Finding **angel investors in Ghana** means identifying high-net-worth individuals who write GHS 50,000 to GHS 500,000 (~USD 4,500–45,000 at April 2026 rates) cheques into pre-seed and seed-stage startups, often in exchange for 5–15% equity and a board observer seat. Unlike accelerators that batch-process cohorts or VCs that deploy pooled institutional capital, angels invest personal money and tend to move faster, close smaller rounds, and offer hands-on mentorship rooted in their own exits or operating experience. This guide names 12 active angel investors backing Ghanaian founders as of April 2026, maps their sector preferences and ticket sizes, and explains how to get a warm introduction without cold-emailing into the void.
Table of Contents
- TL;DR
- Who Qualifies as an Angel Investor
- 12 Active Angel Investors in Ghana (April 2026)
- 1. Kojo Boakye
- 2. Ama Marfo
- 3. Kwame Owusu-Ankomah
- 4. Nana Asante
- 5. Yaw Ampofo
- 6. Akua Serwaa Bonsu
- 7. Kofi Genfi
- 8. Esi Cleland
- 9. Samuel Aboagye
- 10. Abena Amoah
- 11. Mawuli Tse
- 12. Kwesi Atta-Krah
- How Angels Source Deals in Ghana
- Typical Deal Terms
- How to Approach an Angel Investor
- Step 1: Research their portfolio
- Step 2: Get a warm intro
- Step 3: Send a one-pager, not a deck
- Step 4: Lead with traction
- Step 5: Name your lead (or say you're building one)
- Step 6: Close fast
- Ghana-Specific Considerations
- Why Angels Matter More Than VCs at Pre-Seed
- Common Mistakes That Kill Angel Deals
- The Ghana Angel Investor Network (Informal)

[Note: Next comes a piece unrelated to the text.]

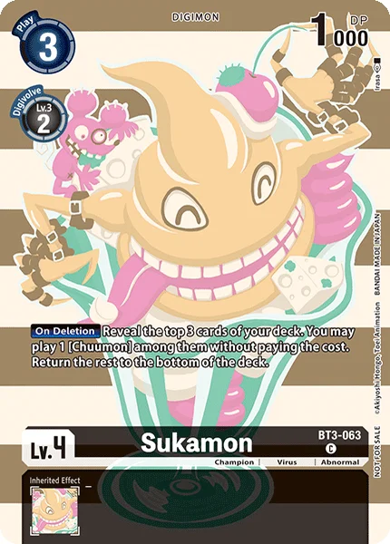 소멸 시 자신의 덱 위에서부터 3장 오픈한다. 그 중 「츄몬」 1장을 코스트를 지불하지 않고 등장시킬 수 있다. 남은 카드는 원하는 순서대로 덱 아래로 되돌린다.

- What Angels Look For (Priority Order)
- How to Build Relationships Before You Need Money
- Angels vs VCs vs Grants: Quick Comparison
- FAQs
- Related Reads
- Closing
- Sources
TL;DR
- Angels in Ghana typically write GHS 50K–500K cheques (~USD 4.5K–45K at April 2026 rates) at pre-seed or seed stage
- Most cluster around fintech, agritech, edtech, and logistics – sectors they know from prior ventures or corporate careers
- Warm introductions via accelerators, co-investors, or portfolio founders beat cold LinkedIn DMs by 10:1
- Expect 60–90 day close cycles if you have traction; 6+ months if you’re pre-revenue
- Ghana’s angel ecosystem overlaps heavily with diaspora investors who split time between Accra and London, Lagos, or New York
Who Qualifies as an Angel Investor
An angel investor is an individual who deploys personal capital into early-stage companies in exchange for equity. In Ghana, this means:
- Cheque size: GHS 50,000 minimum (~USD 4,500 at April 2026 rates) (smaller amounts are friends-and-family or grants). Typical range: GHS 100,000–500,000 (~USD 9,000–45,000 at April 2026 rates) per deal.

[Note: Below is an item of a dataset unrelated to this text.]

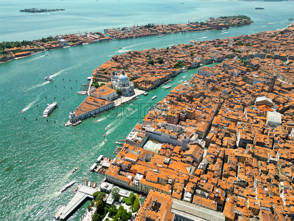 Aerial drone view of Venice, Italy. Water channels with multiple floating and moored boats, historical city centre with Santa Maria della Salute and other old buildings and narrow streets

- Stage: pre-seed or seed. Angels rarely lead Series A rounds (those go to institutional VCs).
- Return horizon: 5–7 years to exit, targeting 10x returns on winners to offset the 70% failure rate.
- Value-add: strategic advice, intros to customers or co-investors, board observer role. Not just silent money.
Angels differ from VCs in three ways. First, they invest personal wealth, not a pooled fund with LPs. Second, they close faster because there’s no investment committee or fund governance. Third, they often take smaller ownership stakes (5–10% vs a VC’s 15–25%) because they’re optimising for portfolio breadth, not concentrated bets.
12 Active Angel Investors in Ghana (April 2026)
1. Kojo Boakye
Sectors: Fintech, digital payments
Ticket size: GHS 150K–400K (~USD 13.5K–36K at April 2026 rates)
Notable investments: Zeepay (mobile money interoperability), Expresspay (payment gateway)
Background: Former Ecobank executive. Exited a payments startup to Interswitch in 2019. Based in Accra, mentors at MEST.
2. Ama Marfo
Sectors: Healthtech, logistics
Ticket size: GHS 100K–300K (~USD 9K–27K at April 2026 rates)
Notable investments: mPharma (on-demand pharmacy), LifeBank Ghana (blood delivery)
Background: Built and sold a pharma distribution company in 2017. Co-invests frequently with Enza Capital and Consonance Investment Managers.
3. Kwame Owusu-Ankomah
Sectors: Agritech, supply chain
Ticket size: GHS 200K–500K (~USD 18K–45K at April 2026 rates)
Notable investments: AgroCenta (farmer marketplace), Farmerline (AgriTech SaaS)
Background: Serial entrepreneur. Founded Complete Farmer, stepped down as CEO in 2021, now writes cheques into competitors and adjacent plays.
4. Nana Asante
Sectors: Edtech, SaaS
Ticket size: GHS 80K–250K (~USD 7.2K–22.5K at April 2026 rates)
Notable investments: Eneza Education (learning platform), Savis (student financing)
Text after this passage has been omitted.